This study evaluated the transferability of pre-trained deep learning models across ecologically similar but structurally different areas for shrub segmentation using UAS-based remote sensing imagery. Our results highlight that fine-tuning is essential, especially when variations in shrub size, texture, and seasonal conditions are present. Among the two tested models, Attention U-Net and Mask R-CNN, we found that Attention U-Net is more effective when training resources are limited, offering better generalization with minimal annotated data. It is particularly suited for practitioners seeking rapid deployment with limited annotation efforts. Both models performed well in detecting mature shrubs during the late summer (July to September). However, segmentation accuracy dropped significantly for small shrubs with crown areas of less than 2 m2 when imagery was captured at a 120 m flight elevation. These small objects often lacked distinct spatial features at this scale, leading to poor recall across both models. The challenge was even more pronounced for early-season (April to June) vegetation, where low contrast and undeveloped crowns made detection difficult. Future work should consider multi-scale feature fusion, denser anchor box strategies, and hybrid CNN–Transformer designs to improve small object segmentation.
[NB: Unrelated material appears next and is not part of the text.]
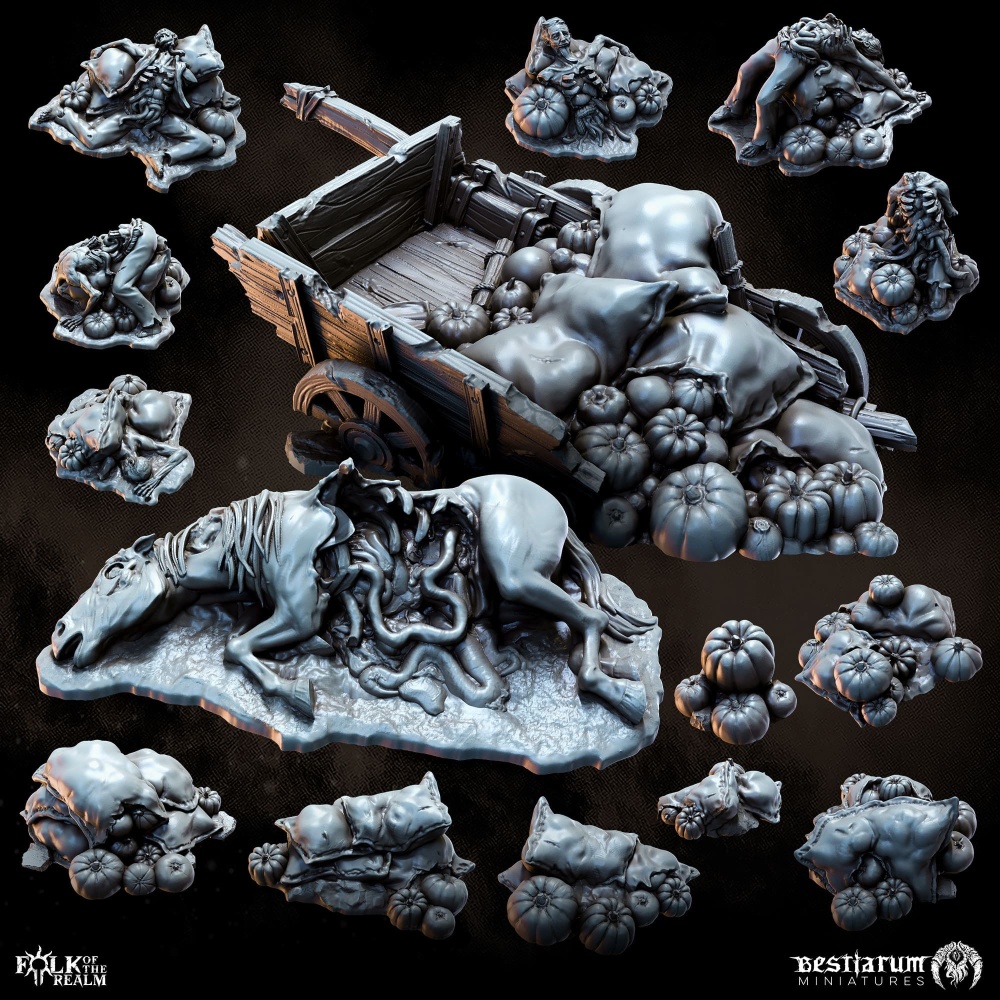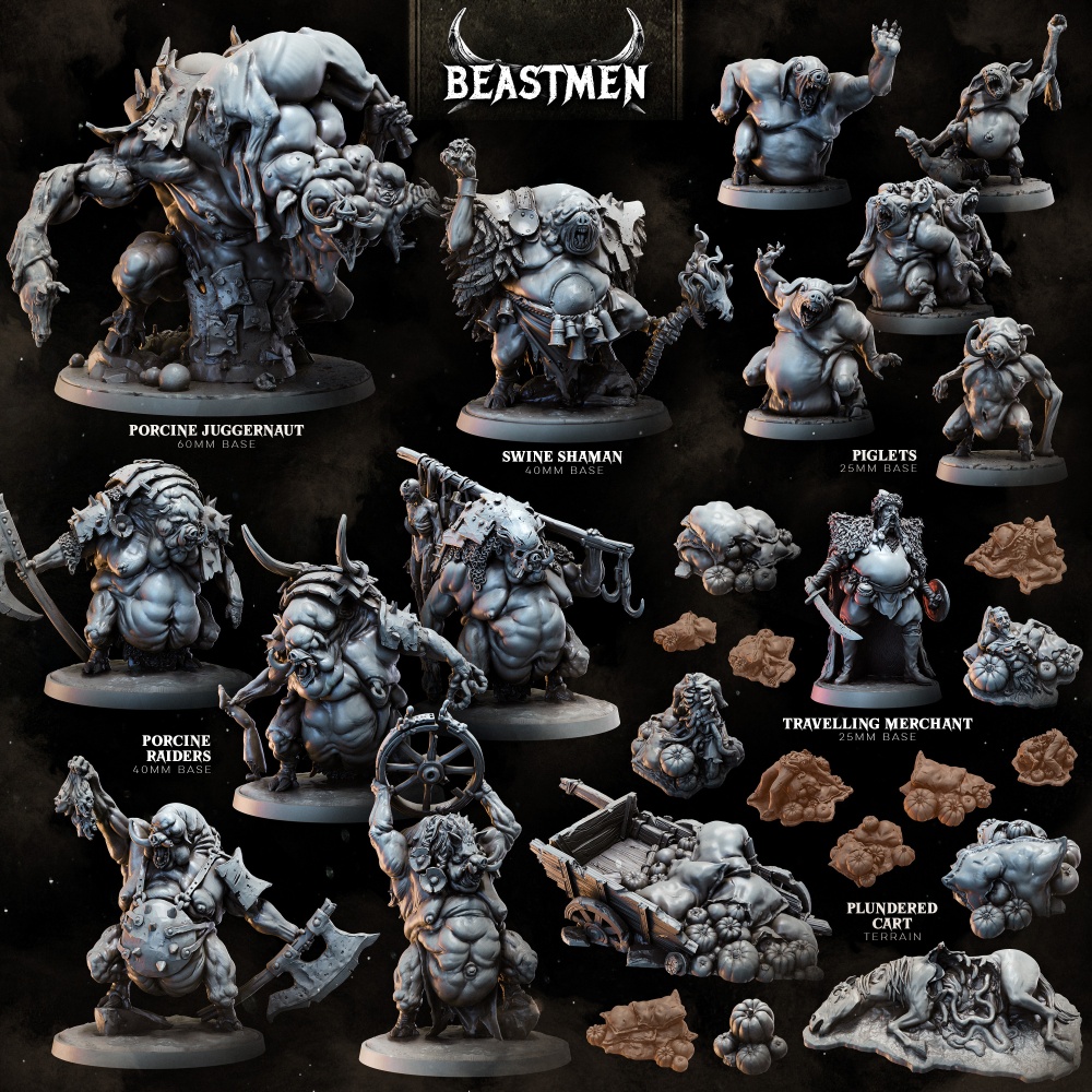 This new collection delivers a decidedly meaty new addition to the Beastmen, a tribe of porcine terrors bent on raiding, pillaging and feasting themselves upon the spoils. Plus – an awesome Plundered Cart terrain set, and an extremely beleaguered hero.

Additionally, integrating multispectral bands beyond RGB, such as near-infrared (NIR) and red-edge, could potentially improve model performance, especially for small or early-stage shrubs that are difficult to resolve using RGB alone. Also, flying at lower altitudes or using higher-resolution sensors could help overcome the current limitations in small shrub detection. These findings emphasize the need for improved model architectures and imaging strategies for accurately detecting and monitoring fine-scale vegetation structures, particularly small or early-stage shrubs, in complex and dynamic ecosystems.

Author Contributions

Conceptualization, D.B. and H.Z.; methodology, J.L.; software, J.L. validation, J.L.; investigation, J.L.; writing—original draft preparation, J.L.; writing—review and editing, D.B. and H.Z.; supervision, D.B. and H.Z. All authors have read and agreed to the published version of the manuscript.

Funding

Oak Ridge Institute for Science and Education (ORISE) and USDA Agricultural Research Service SCINet Initiative, reference number USDA-ARS-SCINet-2023-0261.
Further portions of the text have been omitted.